Since discrimination, in the neutral sense of making distinctions, can have both good and bad outcomes [1], regulations will also have to make subtle distinctions. It’s even harder to make law about subtle hypotheticals. I’m therefore inclined against detailed legislation in advance of facts. Legislation, if any, can lower the risk of unintended side effects by simply establishing principles that a regulatory agency can apply to alleged bad behavior. But agencies don’t have the means to gather data. Even companies with an interest in the matter operate in the dark; I’ve heard that Vonage found out about the discrimination against their VOIP service in the Madison River case only by accident. How to find bad behavior?

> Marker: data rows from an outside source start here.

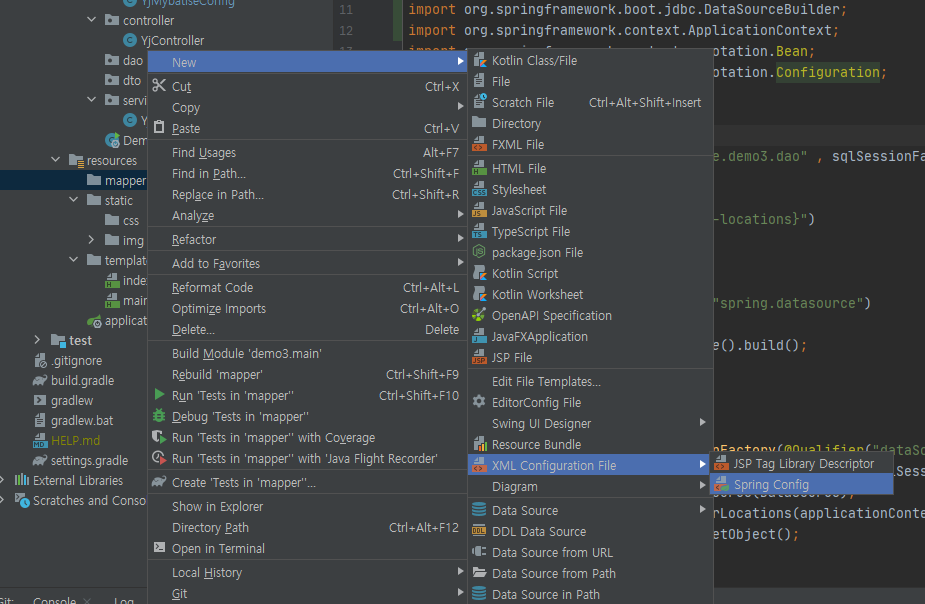 그 다음 resoures 안에 mapper 디렉토리 생성 후 mapper 안에 xml 파일 생성해준다.
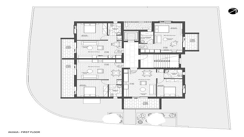 The apartment complex consists of five modern apartments, two studios and one penthouse on the top floor. All units have verandas, and the penthouse has a roof garden with an outdoor BBQ space
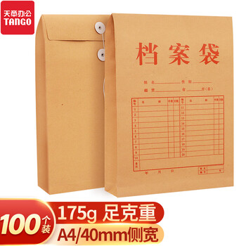 天章 (TANGO)a4皮纸档案袋100只175g侧宽40mm文件袋A4资料袋合同标书人事办公室收纳袋可定制 T19574办公用品
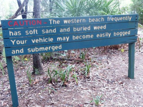 Das Baden im Meer wird hier nicht so empfohlen, wegen der starken Strömung, Haien und den vielen Seeschlangen. Dafür kann man in einem der 42 Süsswasserseen, im Inselinnern, problemlos baden. Die Insel erreicht man per Autofähre. Es sind nur 4x4 und Off Road Fahrzeuge zugelassen. Mit denen kann man auf sandigen Pisten, abenteuerlichen Strassen und langen Stränden fahren.
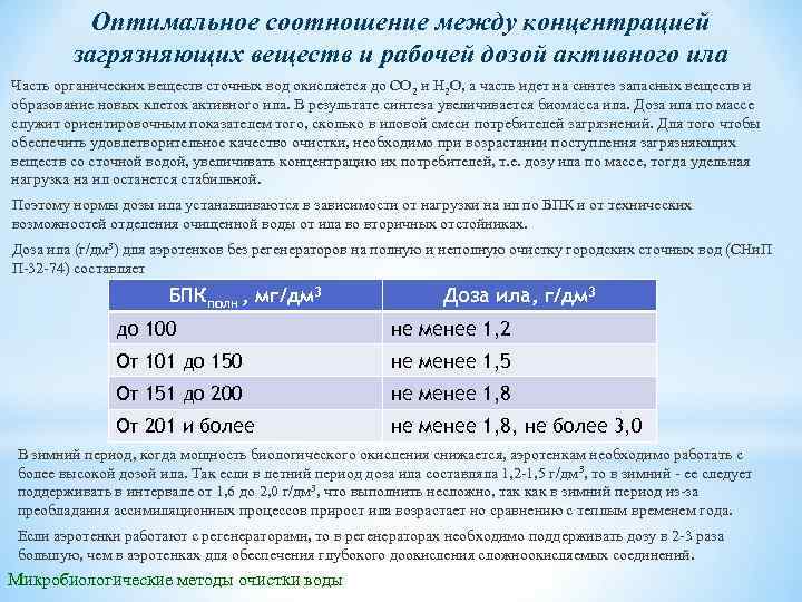 Оптимальное соотношение между концентрацией загрязняющих веществ и рабочей дозой активного ила Часть органических веществ сточных вод окисляется до СО 2 и Н 2 О, а часть идет на синтез запасных веществ и образование новых клеток активного ила. В результате синтеза увеличивается биомасса ила. Доза ила по массе служит ориентировочным показателем того, сколько в иловой смеси потребителей загрязнений. Для того чтобы обеспечить удовлетворительное качество очистки, необходимо при возрастании поступления загрязняющих веществ со сточной водой, увеличивать концентрацию их потребителей, т. е. дозу ила по массе, тогда удельная нагрузка на ил останется стабильной. Поэтому нормы дозы ила устанавливаются в зависимости от нагрузки на ил по БПК и от технических возможностей отделения очищенной воды от ила во вторичных отстойниках. Доза ила (г/дм 3) для аэротенков без регенераторов на полную и неполную очистку городских сточных вод (СНи. П П 32 74) составляет БПКполн , мг/дм 3 Доза ила, г/дм 3 до 100 не менее 1, 2 От 101 до 150 не менее 1, 5 От 151 до 200 не менее 1, 8 От 201 и более не менее 1, 8, не более 3, 0 В зимний период, когда мощность биологического окисления снижается, аэротенкам необходимо работать с более высокой дозой ила. Так если в летний период доза ила составляла 1, 2 1, 5 г/дм 3, то в зимний ее следует поддерживать в интервале от 1, 6 до 2, 0 г/дм 3, что выполнить несложно, так как в зимний период из за преобладания ассимиляционных процессов прирост ила возрастает но сравнению с теплым временем года. Если аэротенки работают с регенераторами, то в регенераторах необходимо поддерживать дозу в 2 3 раза большую, чем в аэротенках для обеспечения глубокого доокисления сложноокисляемых соединений. Микробиологические методы очистки воды

The answer is millions of volunteer PCs on the net sending test payloads to each other to characterize what happens to traffic on the net. This would yield an inventory of how different kinds of traffic are carried across all the different segments of the net. Software could identify potential problems, and volunteer people could scan them to identify cases that need more attention.
Anybody could download small applications that would run tests when they’re not using their machines. Just as SETI@Home uses spare CPU cycles to search radio data for the signature of extra-terrestrial intelligence, so this code would use space cycles and spare bandwidth to search for signatures of net neutrality exceptions. SETI for the net… NETI@Home: Neutrality Exception Tracking Infrastructure.
NETI@Home would use peer-to-peer technology like bittorrent; there would be no single repository of data, and no central organization directing the work. People could select the kinds of test payload they want to run; to make it easy for the majority, various recognizable organizations might recommend payload sets, or one could find popular sets on sites like digg. Volunteers would write the software, and parse the results. The tests could change quite quickly to meet changing network operator strategies, while the underlying software would change more slowly.
Citizens and regulators need good data if they’re to get the best out of the Internet. Finding the balance Jon Peha describes between allowing discrimination that benefits users, and preventing market power abuses, will be a lot easier with real-time tracking of network operator behavior.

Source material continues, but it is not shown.